A
female
,
*upidStruck
writes: I'm in love with my OB/GYN (perinatologist). Unfortunately, we are both married. I met him in June when I became his patient because of very severe complications with my pregnancy. He was the most caring doctor anyone could ever have. I was hospitalized for 2 weeks and he came in day and night, even on weekends. He saved my life. I'm 37, he is 49. We are both conservative Catholics. I know he has the same feelings for me even though we never talked about it. We hug each other for a long time every time we see each other. He makes flirtatious remarks, for example: He usually comes in in his dr.s suit. So one day (while I was on hospital bedrest)he comes jumping in the door in regular clothes that underline his beautiful latin tan and says:"How do I look?" winking at me.
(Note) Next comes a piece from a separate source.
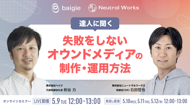 5月9日、株式会社ニュートラルワークス(神奈川県茅ヶ崎市 代表取締役:三木五月、以下 ニュートラルワークス)は、BtoBサイトおよび業務アプリケーションのUI/UXデザインを得意とする株式会社ベイジ(東京都世田谷区 代表取締役社長:枌谷 力、以下ベイジ)と無料ウェビナー「達人に聞く『失敗をしないオウンドメディアの制作・運用方法』」を開催いたします。

I told him that he looked gorgeous (oops!!!) to which he replied "you can now admire my tanned arms"...we flirt like this all the time now even though I'm not his patient anymore. We also exchange emails frequently still and when we run into each other he blushes and his eyes examine me from head to toe and he tells me how good I look and then we always hug. He is driving me crazy. I think about him all the time and I know he thinks about me too because I usually get a little email from him when my feelings are very strong...Of course, this has to remain only a crush for our marriages' sake but I can't get him out of my head (even if we wanted to we wouldn't be able to avoid each other due to our work environment)...I have sexual dreams about him and if we were put into a situation in which we would be alone, it would most likely happen because the magnetism between us is just so strong. How can one shake a feeling like that?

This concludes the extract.